The Medical Loss Ratio (MLR) rule requires that plans spend a set percentage of their revenue and premiums on healthcare and quality improvements—rather than on administrative costs. Plans who spend less than the designated percentage on qualified expenses may be required—in some states—to refund those costs.
While the percentage varies based on whether the insurers are in a large, individual, or small group market, for both Medicare Advantage and Medicaid MCOs, the cut off is 85%.
Qualified expenses that plans can count toward the 85% include health care services, covered benefits, and quality improvement events. Yet even with these various options, some plans are still struggling to meet the MLR requirements.
Last year, the amount of MLR rebates sent out was double what was sent in 2018. 9 million people received MLR rebates, or $1.37 billion total—the largest amount since the rule’s establishment.
These 9 million represent significant expense to the payer—without improving any health outcomes. By allocating more resources upfront to improving member care and meeting quality metrics, payers can ensure money is being put toward initiatives that can actually improve member outcomes.
With the 2020 pandemic, health plans are seeing fewer claims cost—with Medicare Advantage gross margins jumping 41% over last year. While an increase in profits is positive, plans will still need to ensure that 85% of all revenue goes toward qualified health care services and improvement measures—even if claims are down.
Plans can strengthen member outcomes, and meet spending benchmarks, by investing this money back in more programs that improve member health.
Programs like Wellth that incentivize positive healthy behaviors—such as med adherence for Medicaid members, regular glucometer and blood pressure readings, healthy eating, and more—fit within qualified improvement expenses toward your 85%.
With Wellth, members receive daily updates reminding them to check-in with reminders like meds, blood pressure, and other key tasks for adhering to their care plan. In addition, members are monetarily incentivized to complete their check-ins, using principles of loss aversion to improve adherence.

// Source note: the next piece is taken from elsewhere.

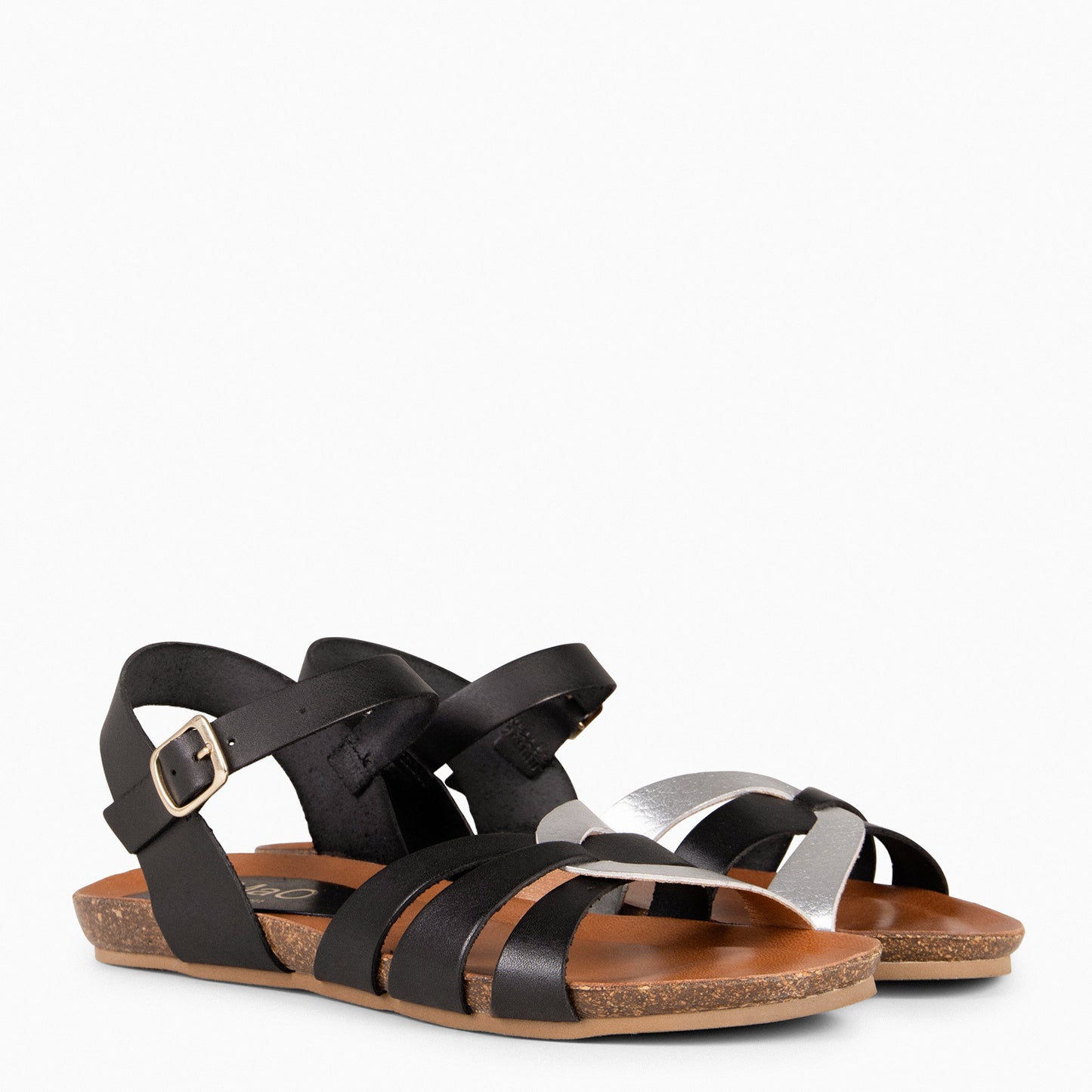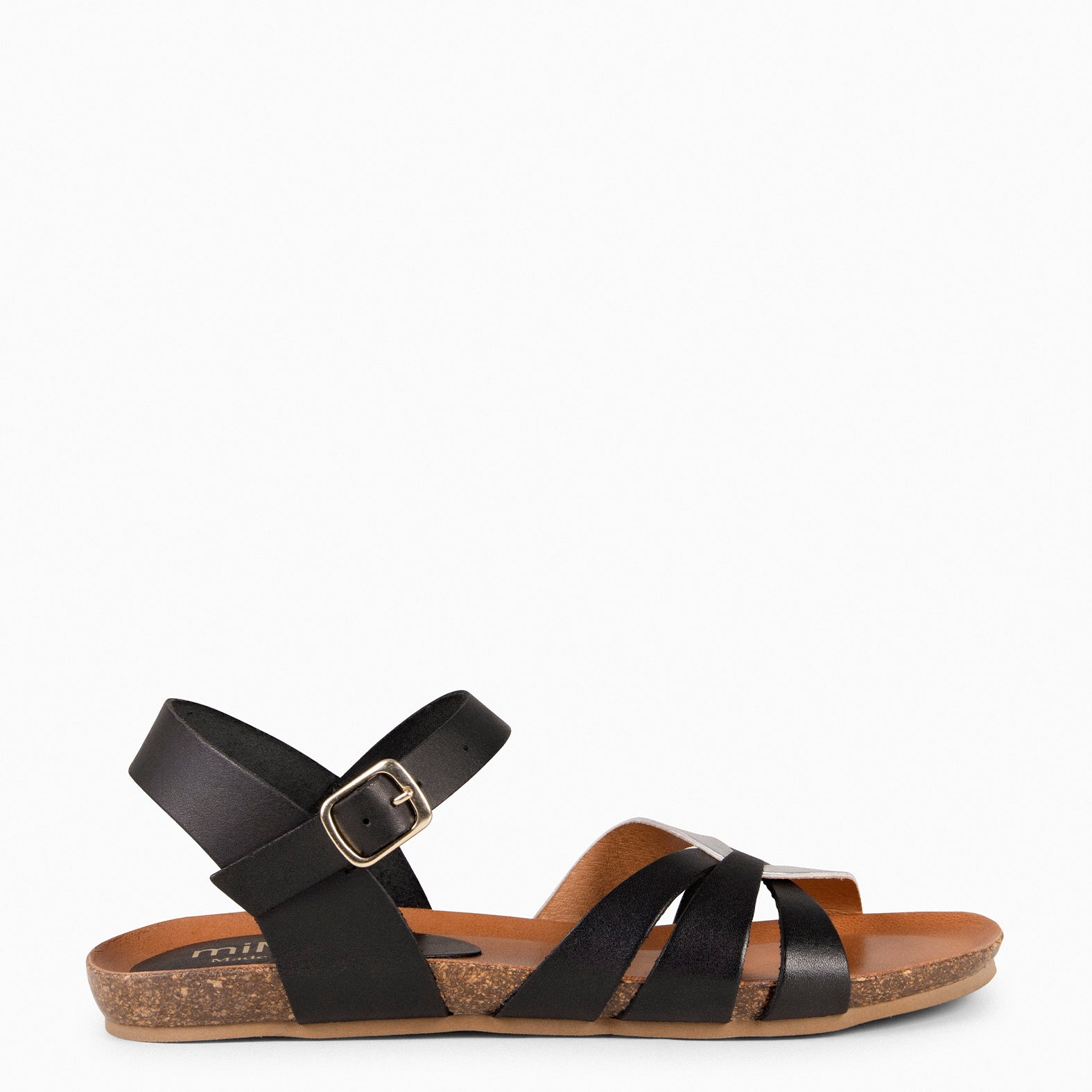 SALOMÉ - Sandales plates avec bracelet NOIR

Incentivizing members to make healthy decisions through programs like Wellth can prove to be a win-win-(win!) for plans, providers, and members alike.
Improving care plan adherence helps reduce unnecessary and expensive medical claims—including preventable ED visits, hospitalization, readmissions, and more.
Members on the Wellth program have been able to achieve significant outcomes in both reducing acute care and improving member health outcomes.
“Prior to joining Wellth's program, I had a number of health issues - anemia and colon surgery. Since I’ve been on the app, I’m no longer anemic, and I am so much more aware of my sugar intake.”
- Wellth member
By investing money into meaningful, result-driven programs for members, plans can more easily meet the 85% standard—without throwing away money on less-effective initiatives for the sake of meeting a benchmark.
Wellth’s payment structure is at-risk, so our clients don’t pay unless they get results. This means that while other plans are losing money to member rebates, plans utilizing the Wellth platform are seeing an average 2-6x ROI for each member enrolled.
The MLR rule was originally set up to help protect members from predatory health plan premiums, with rebates for members who were not provided with appropriate healthcare and quality for the premiums they paid.
In 2019, the average MLR rebate per person was $154. Programs like Wellth also allow plans to give back to members—while actually improving patient outcomes for long-term ROI.
With Wellth’s incentive programs, members are able to earn a set amount of money each month—contingent upon their care plan adherence. For our members, this money goes a long way, with a majority of our members using their rewards for groceries and to fill prescriptions.
“I enjoy getting paid for taking my meds and checking my glucose. We’ve used the money to help pay for groceries and other expenses—like laundry soap. With the reminders and incentives, I now check my glucose levels regularly and on-schedule, my glucose levels have gone down, and I need less insulin.”